In particular, in the same field of endeavor, Osinki’009 teaches the use of identifying a nonimpacted user traveling toward the area associated with the current outage(see fig.1, which shows connected vehicle travel, see para.0027, which discuses communication with a particular mobile device 124 or vehicle 126 may be handed off from one base station or access point 122 to another as the mobile device 124 or vehicle 126, see para.0061, which discusses a network control center may modify cell coverage areas temporarily so that adjacent base stations or eNodeB devices will provide coverage to the affected area, thus identify vehicle travel to affected area).
In view of the above, having the system of Gorretta’157and then given the well-established teaching of Osinki’009, it would have been obvious to one having ordinary skill in the art before the effective filling date of the claimed invention to modify the system of Gorretta’157 to include “identifying a nonimpacted user traveling toward the area associated with the current outage” as taught by Osinki’009, since Osinki’009 stated in para.0034+ that such a modification would improve customer experience and improve operational efficiency.
As discussed above, although the combined system of Gorretta’157 and Osinki’009 discloses identifying an area associated with a current outage(Gorretta’157, see fig.23, which shows identifying an area/region 2304 associated with current service outage, see para.0067), the combined system of Gorretta’157 and Osinki’009 does not explicitly show the use of “providing a notification to the nonimpacted user to enable the nonimpacted user to avoid the area associated with the current outage” as required by present claimed invention.

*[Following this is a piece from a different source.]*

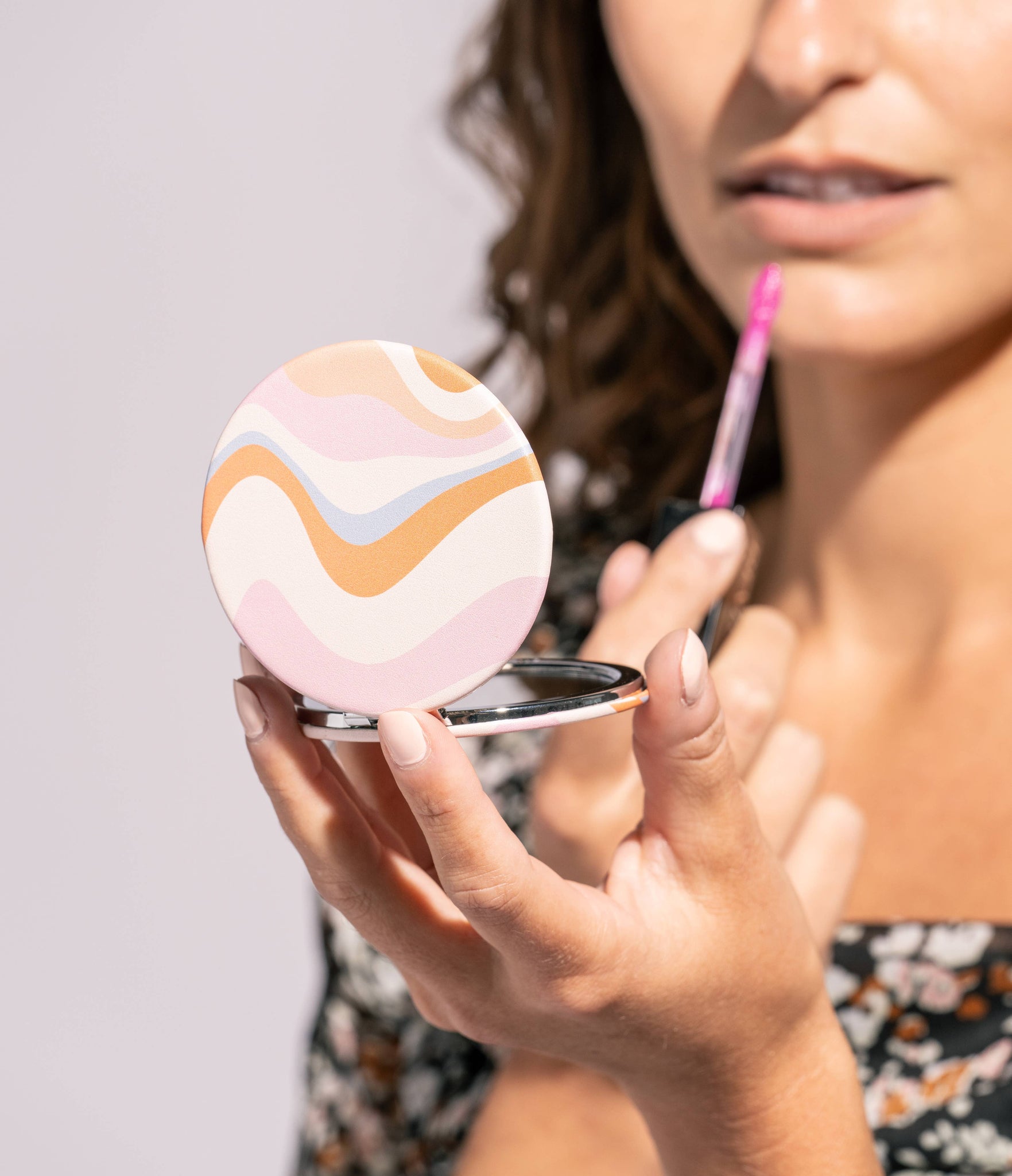 Prints: Purple floral, leopard, pink floral, waves Quick Features: Double sided mirror Standard & magnified views Secure magnetic closure Merchandising Details: Boxed and peggable Ships in a free counter display - super small footprint perfect for checkout and register!

However, including “providing a notification to the nonimpacted user to enable the nonimpacted user to avoid the area associated with the current outage” would have been obvious to one having ordinary skill in the art as evidenced by Van Wiemeersch’870.
In particular, in the same field of endeavor, Van Wiemeersch’870 teaches the use of identifying a nonimpacted user traveling toward the area associated with the current outage(see fig.5, 501-505, see para.0052-0055, identify driver as nonimpacted user of a vehicle traveling toward affected/outage area(s), see fig.2, route from Point to Point including identify area(s) affected by outages, see para.0007); and providing a notification to the nonimpacted user to enable the nonimpacted user to avoid the area associated with the current outage(see fig.5, 505-509, see para.0055, which discusses Actions include, but are not limited to, warning a driver generally of outages, warning a driver of areas to avoid, repeatedly checking outages as a driver travels to ensure a no-power area is not being entered on a low charge, etc. Any suitable warnings may then be delivered to the driver as necessary 509, thus notification to the nonimpacted user…to avoid the area associated with the current outage due to warning a driver of areas to avoid).
In view of the above, having the combined system of Gorretta’157 and Osinki’009 and then given the well-established teaching of Van Wiemeersch’870, it would have been obvious to one having ordinary skill in the art before the effective filling date of the claimed invention to modify the combined system of Gorretta’157 and Osinki’009 to include “providing a notification to the nonimpacted user to enable the nonimpacted user to avoid the area associated with the current outage” as taught by Van Wiemeersch’870, since Van Wiemeersch’870 stated in para.0004+ that such a modification would expand the range of options and opportunities available for provision of services at the vehicle.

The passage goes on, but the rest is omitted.